A thriving forest impacts hydrology. The combination of evaporation and wind, particularly in the tropics, supports enormous, invisible atmospheric rivers that hold far more water than their terrestrial counterparts. Down below, water flows into streams and percolates through the soil into aquifers.
It seems obvious, but forests work best on land and in climates best suited for forests. That gets lost in the reductionist ardor that the Trillion Tree movement. In fact, planting trees in grasslands can significantly reduce the amount of water that flows into aquifers. Trees need more water than grass. And when trees can’t get the water they need — through drought or by being planted in areas that don’t get enough — they die, becoming fodder for fire. Instead of serving as a carbon sink, the forest become a carbon emitter.
According to a new study from UC Davis, grasslands may be a better carbon sink than trees in a climate-changed world more prone to drought. While trees store carbon as wood and in leaves, grasses store carbon in the soil. Even when there’s a fire, most of the carbon stays put.
The point is that if the goal is recarbonization, the best results, both in terms of carbon and hydrology, come from ecosystem restoration: plant forests on land suited for forests, grasslands where they can best thrive, and marshes and wetlands where they belong and serve multiple functions from flood mitigation and protection against storm and tidal surges, to nurseries for young fish and other aquatic species.
DeCarb / ReCarb
Decarbonization is about energy, efficiency, economics and equity. Recarbonization is about restoration and resilience. Neither one alone can keep us from catastrophic climate change, especially given the tight time frame of a decade to keep atmospheric CO2 numbers in check. Together they could be enough to make all the difference.
We have what we need to do this, no new technological breakthroughs needed. In fact the work has already begun, but there is no time or money to waste. The DeCarb / ReCarb framework can help identify the solutions that are most readily scaled.
The good news is that this is all within our collective capabilities, with the bonus that each one of these strategies delivers multiple benefits. Even something as simple as reimagining our backyards could make an enormous difference, says ecologist and author Douglas Tallamy. He proposes converting half of America’s lawns — about 20 million acres — into “Homegrown National Park,” the nations’s largest national park.

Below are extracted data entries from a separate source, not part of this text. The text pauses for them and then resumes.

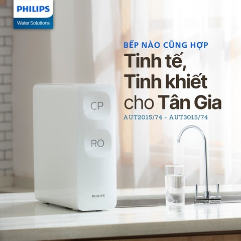 Máy lọc nước RO Philips AUT2015 trang bị 2 lõi lọc AquaShield, cho 2 dòng nước đầu ra gồm nước RO tinh khiết uống trực tiếp và nước lọc sạch dùng cho sinh hoạt. Hệ thống RO lọc đến 0.0001 micron, loại bỏ 99.99% vi khuẩn, công suất 60 lít/giờ. Thiết kế không bình chứa mỏng gọn, lõi QuickTwist dễ thay, tích hợp cảm biến rò rỉ an toàn cho gia đình.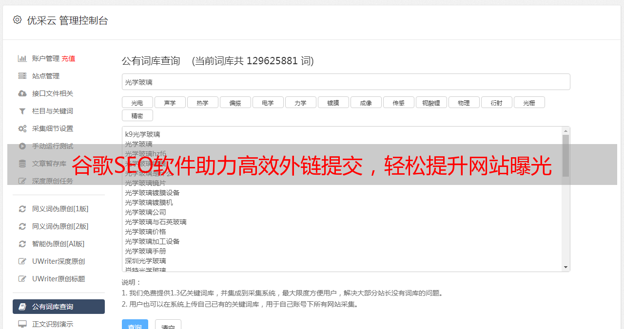 优采云 发布时间: 2023-04-09 15:21众所周知,SEO 优化是提升网站排名的关键。而谷歌作为全球最大的搜索引擎,其排名更是备受关注。在谷歌 SEO 中,外链的重要性不言而喻。但是如何高效地提交外链呢?这时候,谷歌 SEO 软件就派上用场了。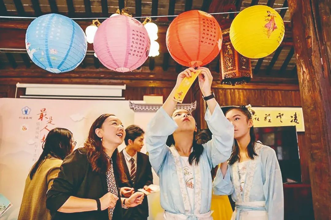 9月29日,由市教育学会吟诵教育专业委员会、市文化馆联合主办的“最是人间好时节”2023中秋吟诵诗会在海陵区稻河古街莲花府邸茶空间举行。师生身着精美的国风汉服,现场朗诵《水调歌头•中秋》《古朗月行》《诗经•陈风•月出》等13首诗词,另有猜灯谜、尝月饼等互动环节。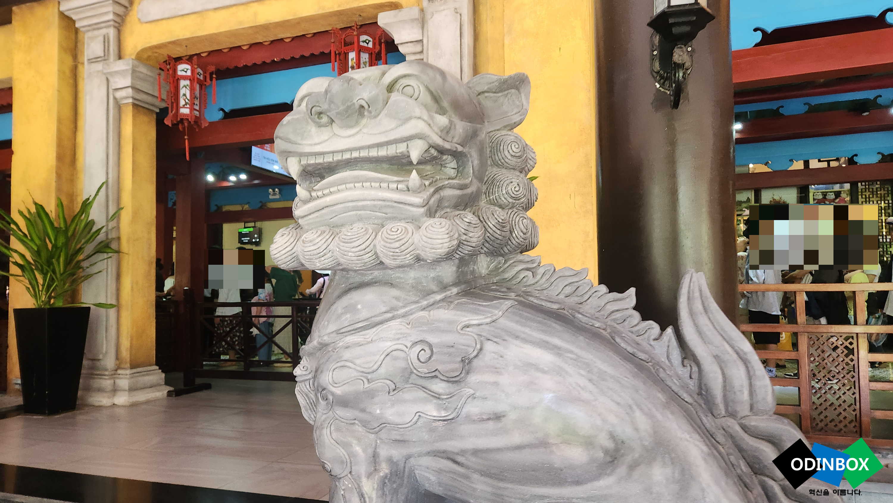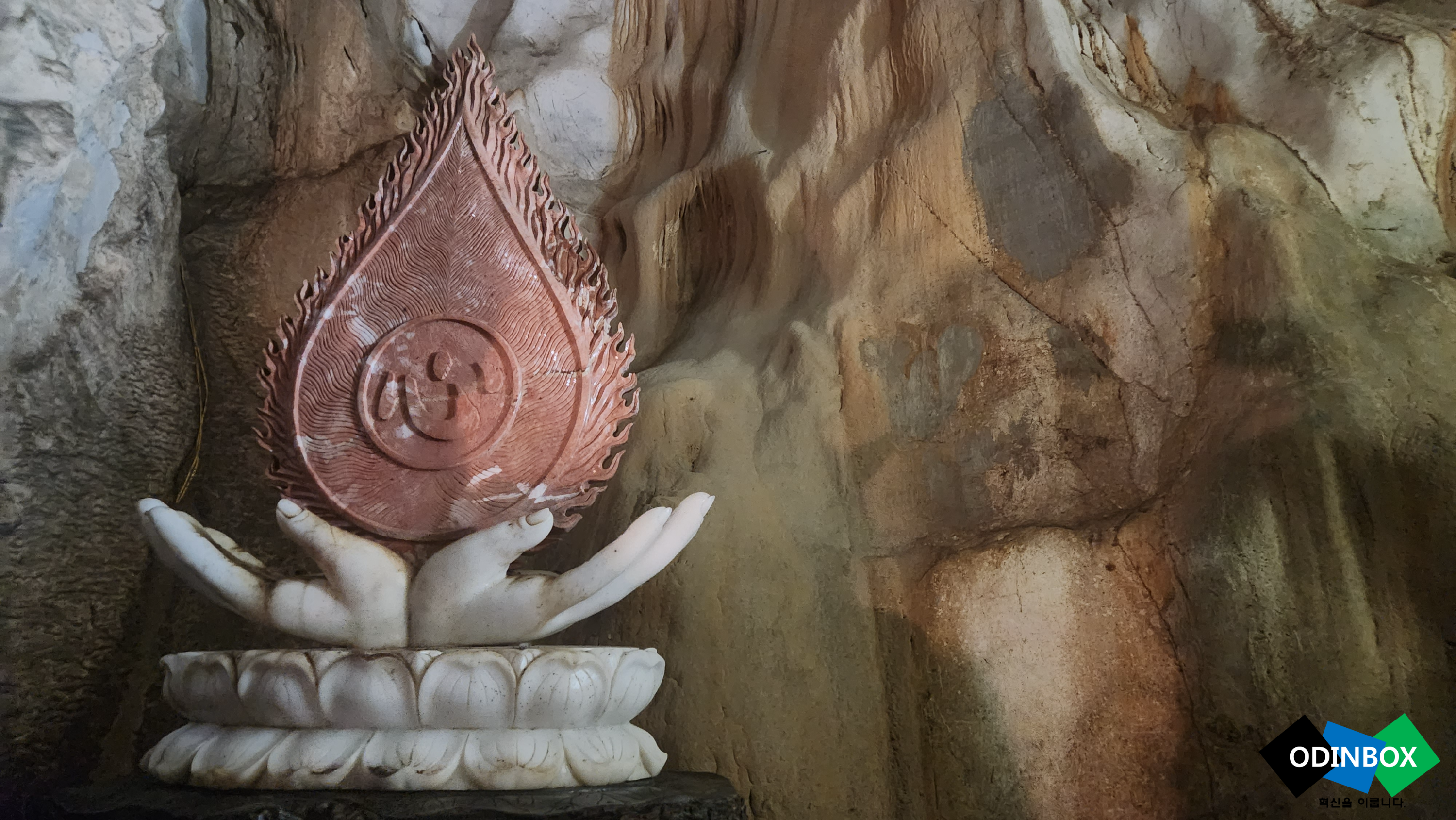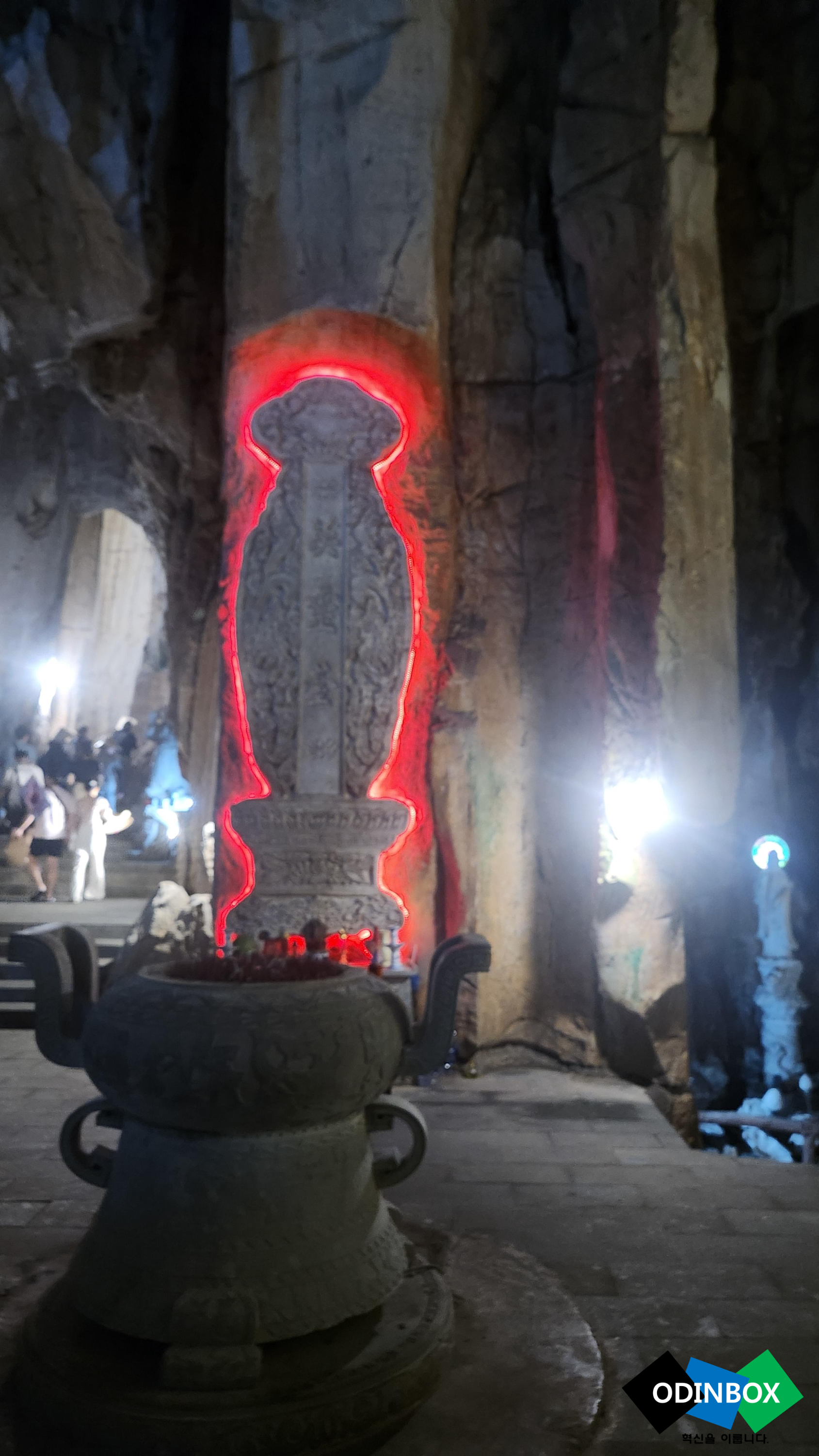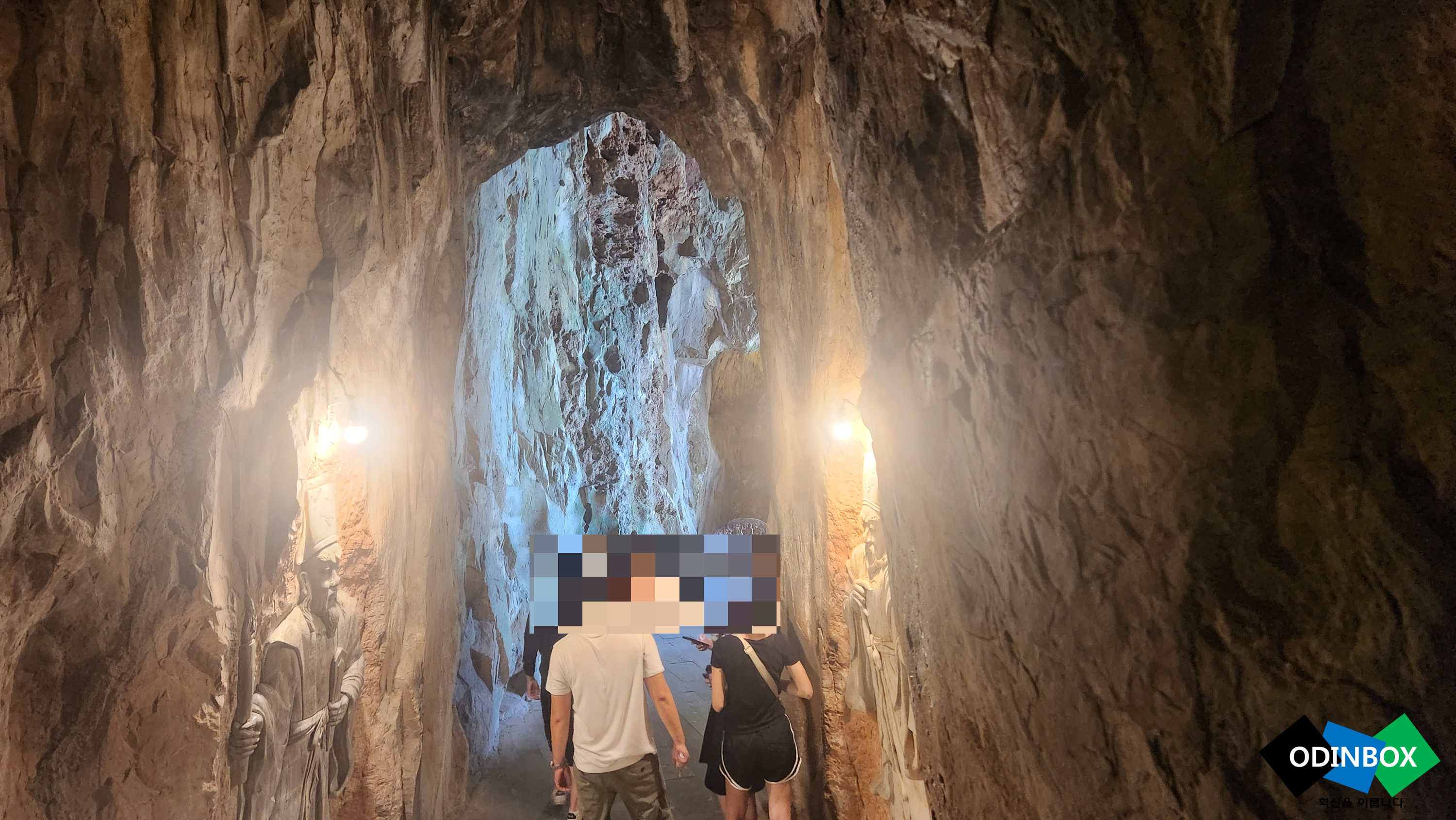 마블마운틴의 경우 오행산의 영어 이름으로 불리고 있습니다. 우리가 잘 알고 있는 이름의 경우 오행산이라는 이름으로 조금 더 흔하게 알 수 있는 이름 중 하나입니다. 버스를 타고 도착을 하고 천천히 내리기 시작합니다. 첫 여행지인만큼 가이드 분께서 베트남의 모자인 논라(Nón Lá)를 준비를 해서 줬습니다. 이때 햇빛이 생각보다 강하기도 했고 얼굴이 뜨겁기도 하여 모자를 잘 안 쓰고 다니지만 이때는 거의 항상 모자를 착용을 했던 것 같습니다. 오행산의 경우 베트남 다낭의 남부에 있는 응우하인선군이라는 곳에 위치를 하고 있고 대리석과 석회암 등으로 이뤄져 있는 언덕과 함께 산이 위치하고 있는 곳입니다. 입구에 도착을 해서 동굴 안으로 들어갔습니다. 이 동굴을 보게 되면 구멍이 생겨있는데 베트남전 때 미군의 포격으로 동굴에 구멍이 만들어졌다기도 합니다. 또한 동굴 안에 여러 조형물이 만들어져 있어 신기하고 구경하며 걸어갔습니다. 동굴이라고 하길래 시원한 것을 생각을 했지만 굉장히 습하고 덥다는 느낌이 들었고 걷는 곳들이 미끄러워 조심해서 걸어야 했습니다.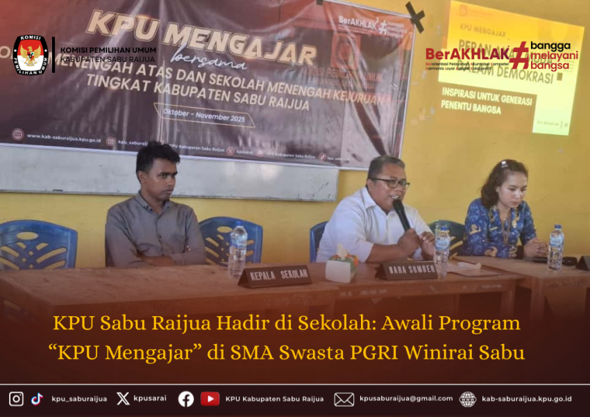 Sabu Raijua (17/10) KPU Kabupaten Sabu Raijua menggelar kegiatan perdana “KPU Mengajar” di SMA Swasta PGRI Winirai, sebagai bagian dari rangkaian pendidikan pemilih pemula “KPU Mengajar” di enam sekolah SMA/SMK sederajat se-Kabupaten Sabu Raijua.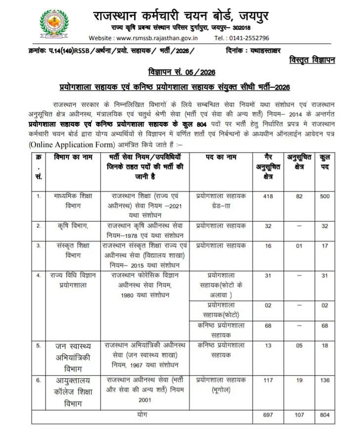 RSSB प्रयोगशाला सहायक एवं कनिष्ठ प्रयोगशाला सहायक (विज्ञान एवं भूगोल) संयुक्त सीधी भर्ती-2026 की विस्तृत विज्ञप्ति जारी

A perfect lawn takes time and money to maintain — fertilizer, water, mowing — but sequesters only 120 lbs.of carbon per acre. By contrast prairies capture 3,000 lbs. of carbon per acre, notes Tallamy, and forests 3,500 lbs. The opportunities to make a significant difference begin at home.
We can leave our children, grandchildren and all the generations to come a trashed planet filled with the detritus of riches squandered. Or we show our children, grandchildren and all the generations to come how to make a regenerative, prosperous, thriving world. Either way, it will be our legacy.
We can do better. We can do good. So let’s get to it.